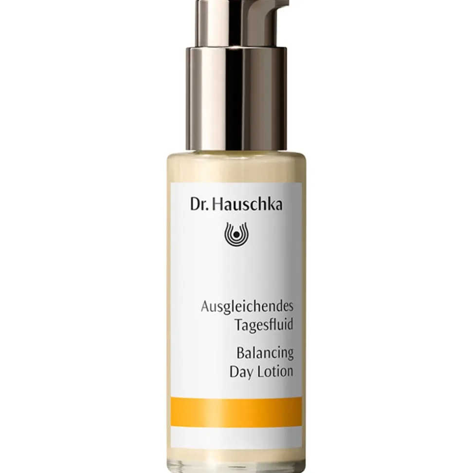 Das Dr. Hauschka Ausgleichende Tagesfluid bringt Mischhaut, die zu glänzender T-Zone und leicht trockenem Wangenbereich neigt, ins Gleichgewicht. Die zart fließende Textur reguliert unreine Haut und schenkt ihr langanhaltend Feuchtigkeit. Die Komposition mit hochwertigen pflanzlichen Auszügen und Ölen reguliert nachfettende Hautpartien, beruhigt Unreinheiten und reduziert Spannungsgefühle. Wertvolle Auszüge aus Wundklee, Schachtelhalm und Kapuzinerkresse geben der Haut eine klarere Struktur und schenken ein reineres Hautbild.
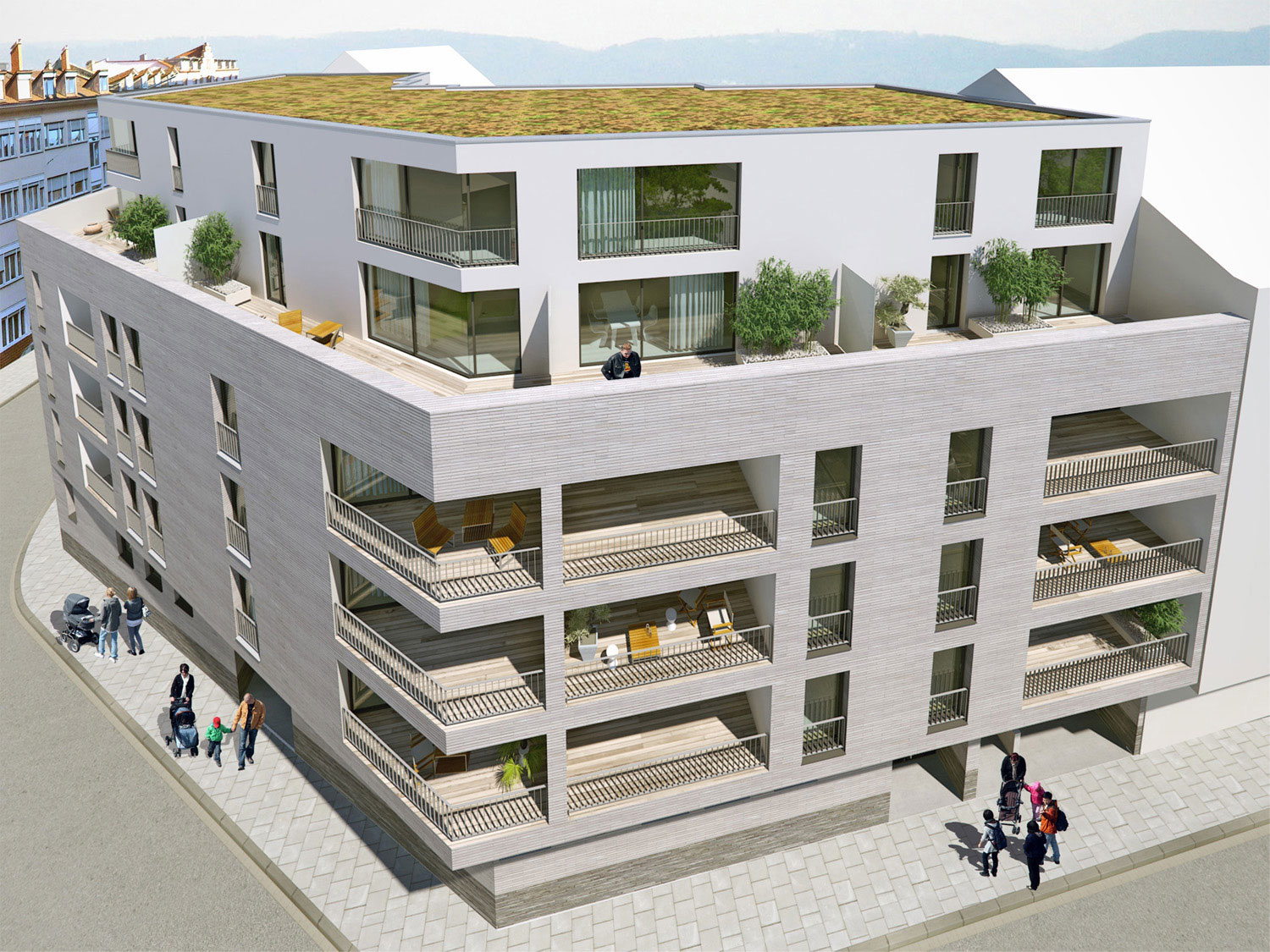 Jede Wohnung hat mindestens einen tiefen Freisitz, auf dem ein der Anzahl der Bewohner angemessener Tisch Platz findet.
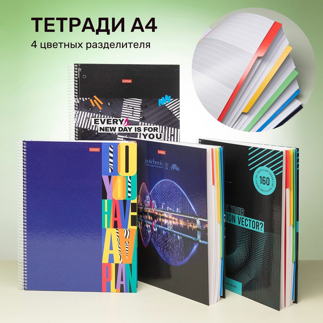 Тетради А4 с четырьмя разделителями от Hatber
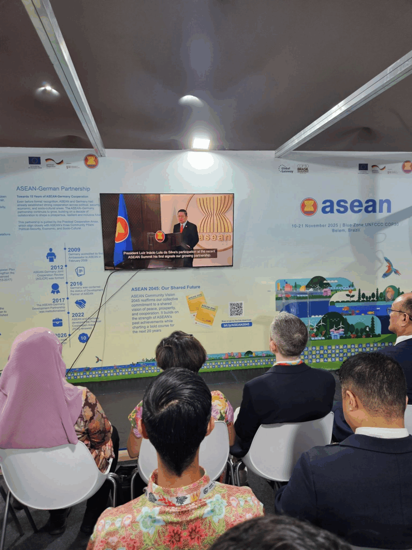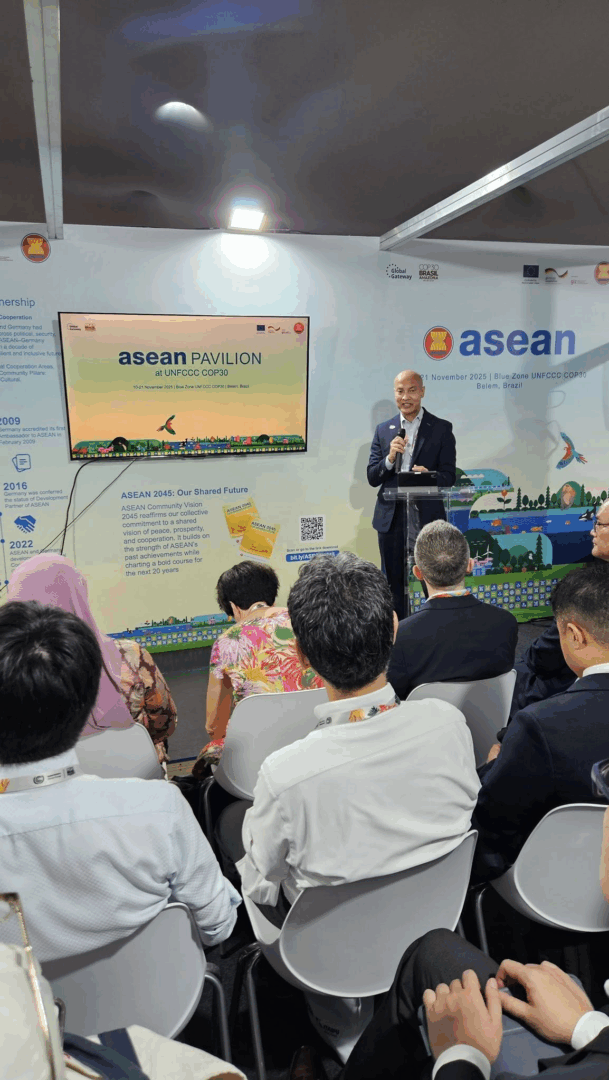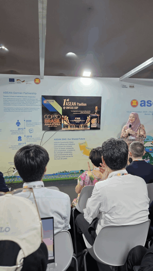 The ASEAN Pavilion at COP30 is supported by the ASEAN–EU–German Climate Action Programme, a project funded by the European Union (EU) and the Government of Germany, and implemented by Deutsche Gesellschaft für Internationale Zusammenarbeit (GIZ) GmbH, in partnership with the AWGCC and the ASEAN Secretariat. This initiative strengthens ASEAN’s engagement in global climate diplomacy while promoting dialogue among governments, industry leaders, and climate experts.
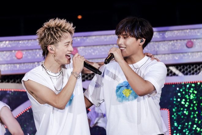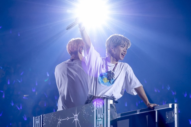 後のMCでFUMINORIが「僕たちとバディを繋げる曲になってます」と解説した「BUD」からは、カジュアルな衣装に着替えてトロッコに乗り込み、場内を周回。《GoGoバディGO》というフレーズに合わせて、タオルとペンライトを回して盛り上がったあと、FUMINORIと合流したMORRIEが喜びのあまりにFUMINORIのほっぺにキスをお見舞い。続く、「ALRIGHT」では、クラップを鳴らし、観客全員でジャンプする中で、トロッコからハンドスモークが勢いよく噴射され、あちらこちらで大騒ぎとなった。
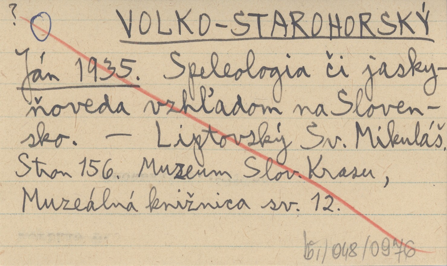 VOLKO-STAROHORSKÝ Ján 1935 Speleologia či jaskyňoveda vzhľadom na Slovensko.
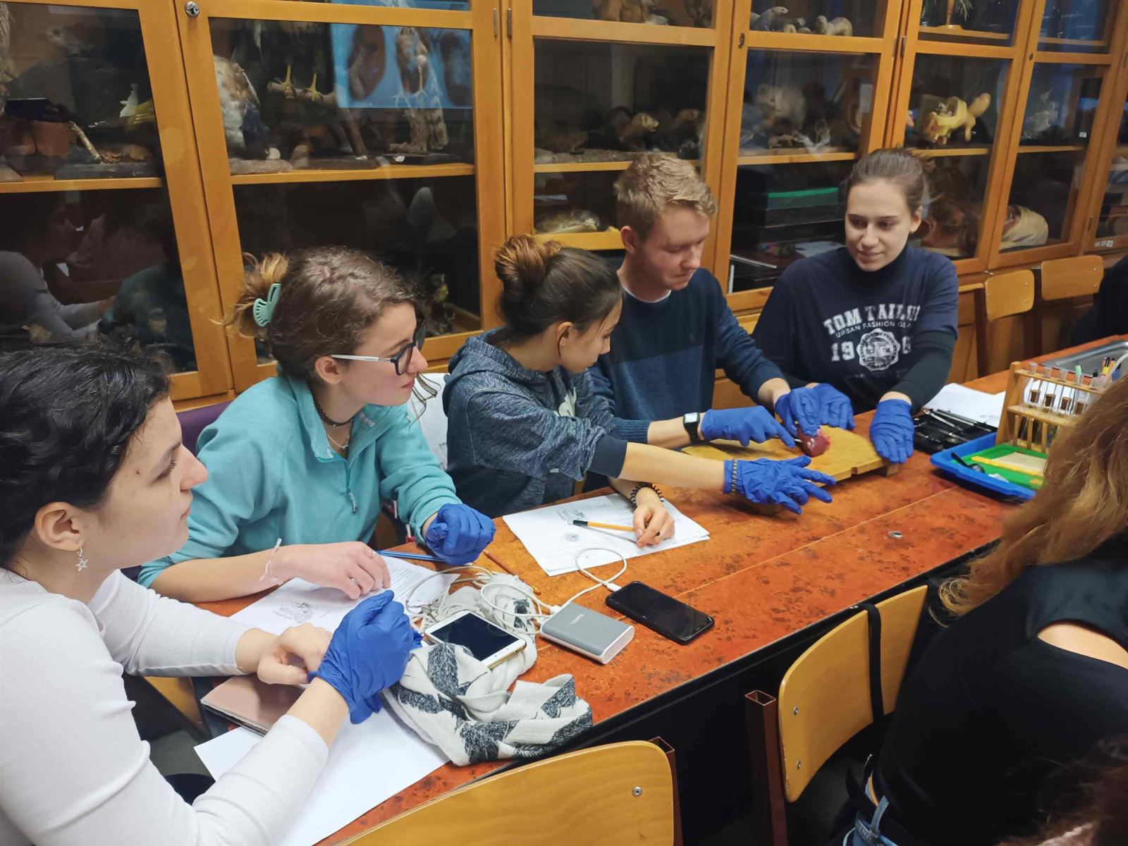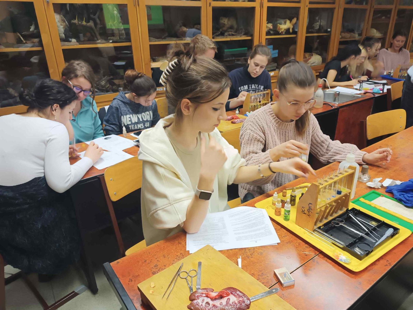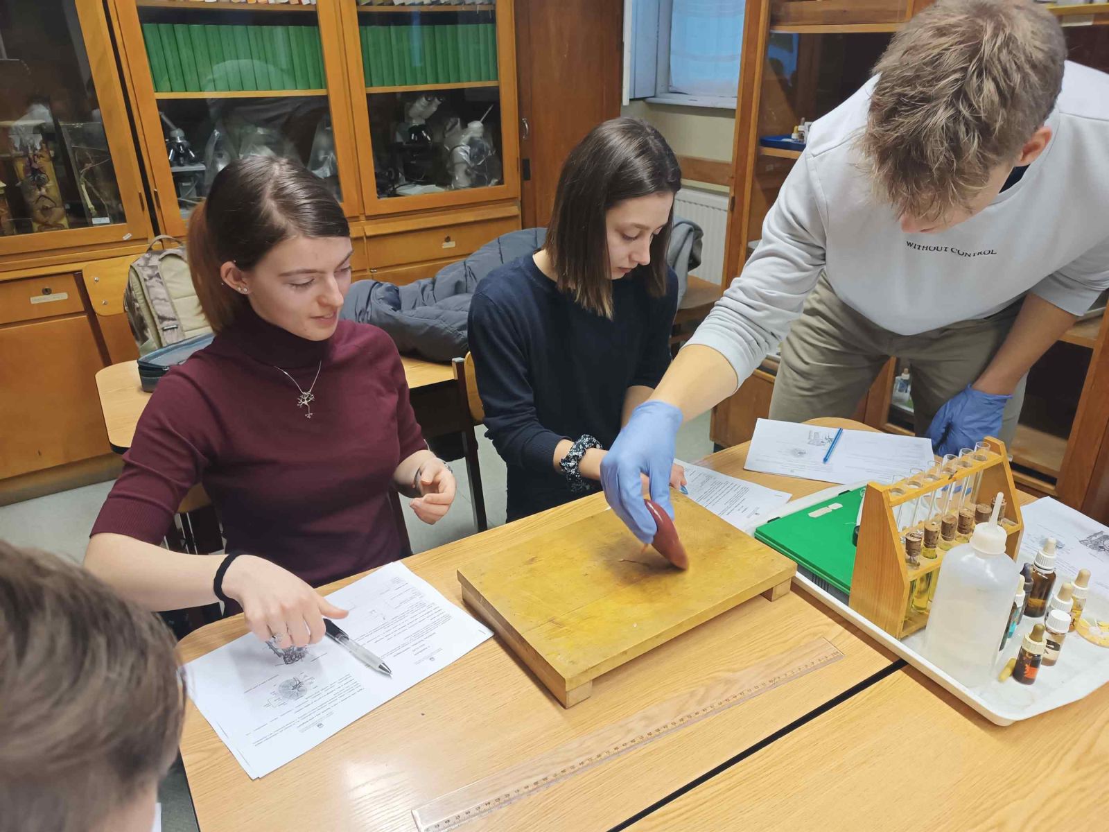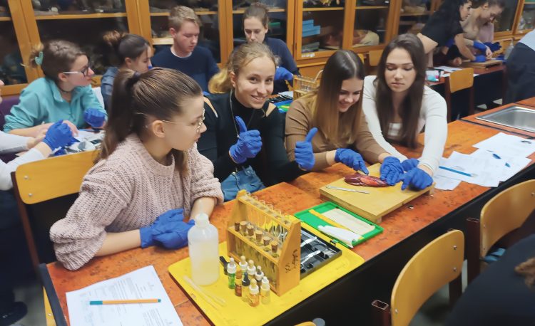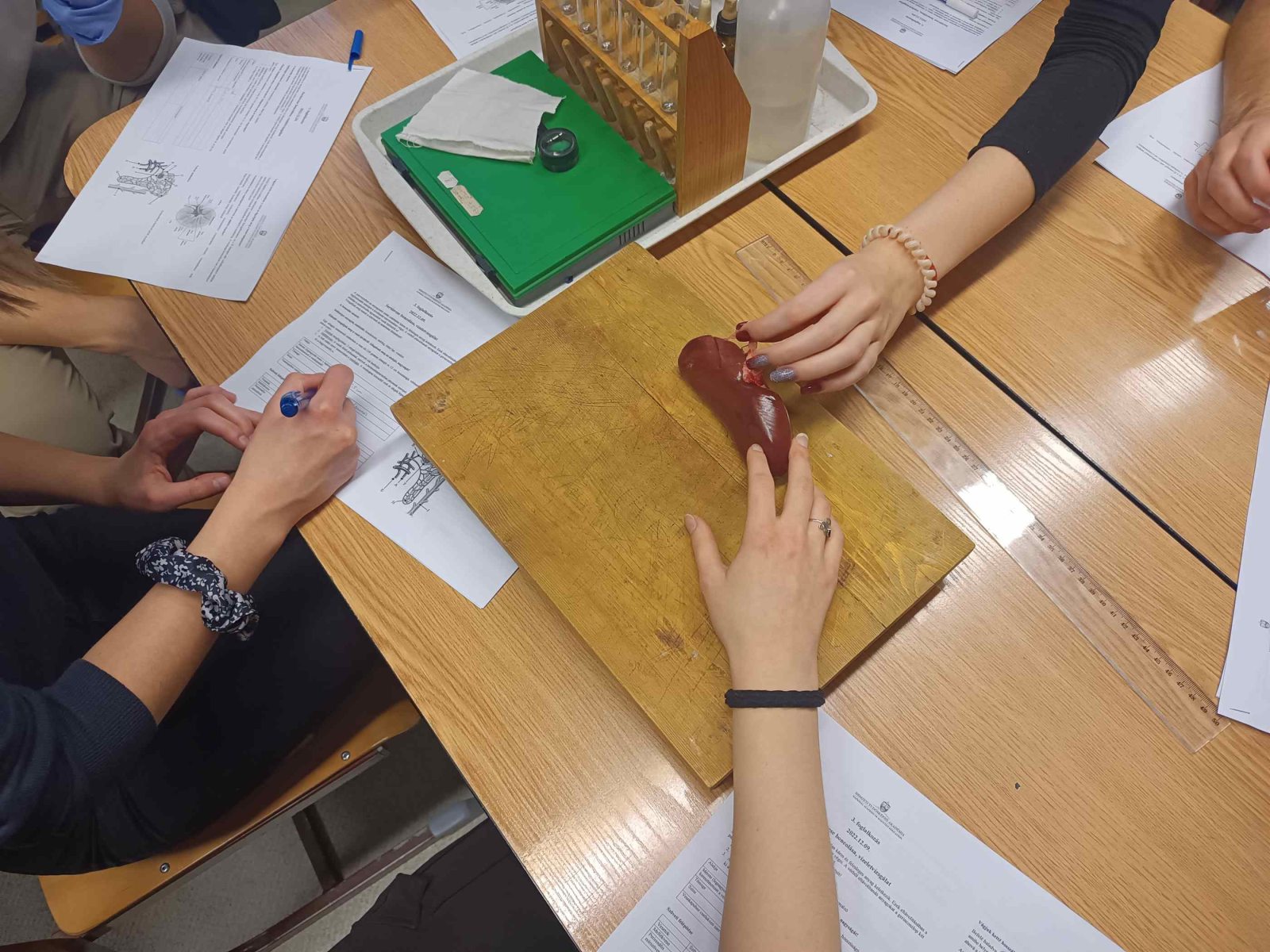 Nagy érdeklődés követte a Nemzeti Tudósképző Akadémia idei utolsó, december 9-ei foglalkozását, amelynek témája az ember kiválasztó szervrendszerének megismerése volt. A kiválasztó működés anatómiai felépítésének és működésének ismétlése után sertésvesét boncoltunk. A külső jegyek, belső szerkezet tanulmányozása után a vesetestecskék működése, a szűrlet képződése és a vizelet összetételének megbeszélésére került sor. A tanulók kémiai kísérletekkel egészséges és kóros vizeletben előforduló ionokat, vegyületeket mutattak ki (pl. klorid-ion, foszfát-ion, cukor, fehérje), miközben megbeszéltük, hogy milyen anyagok jelenléte, milyen betegségre utalhat. Végül egy versenyre került sor. A csoportok hat ismeretlen vizeletmintát (sárgára festett oldatot) kaptak és meg kellett határozniuk, hogy melyik lehet desztillált víz, sós víz, normál vizelet, éhező vizelet, hólyaghurutos és gyulladásos vizelet, cukorbeteg vizelet. A legügyesebb csoportok jutalmat kaptak.

Work task
Give back exactly the lines from the top of the records to the line containing "The ASEAN Pavilion", both included, and no pictures.

Answer box
 Das Dr. Hauschka Ausgleichende Tagesfluid bringt Mischhaut, die zu glänzender T-Zone und leicht trockenem Wangenbereich neigt, ins Gleichgewicht. Die zart fließende Textur reguliert unreine Haut und schenkt ihr langanhaltend Feuchtigkeit. Die Komposition mit hochwertigen pflanzlichen Auszügen und Ölen reguliert nachfettende Hautpartien, beruhigt Unreinheiten und reduziert Spannungsgefühle. Wertvolle Auszüge aus Wundklee, Schachtelhalm und Kapuzinerkresse geben der Haut eine klarere Struktur und schenken ein reineres Hautbild.
 Jede Wohnung hat mindestens einen tiefen Freisitz, auf dem ein der Anzahl der Bewohner angemessener Tisch Platz findet.
 Тетради А4 с четырьмя разделителями от Hatber
 The ASEAN Pavilion at COP30 is supported by the ASEAN–EU–German Climate Action Programme, a project funded by the European Union (EU) and the Government of Germany, and implemented by Deutsche Gesellschaft für Internationale Zusammenarbeit (GIZ) GmbH, in partnership with the AWGCC and the ASEAN Secretariat. This initiative strengthens ASEAN’s engagement in global climate diplomacy while promoting dialogue among governments, industry leaders, and climate experts.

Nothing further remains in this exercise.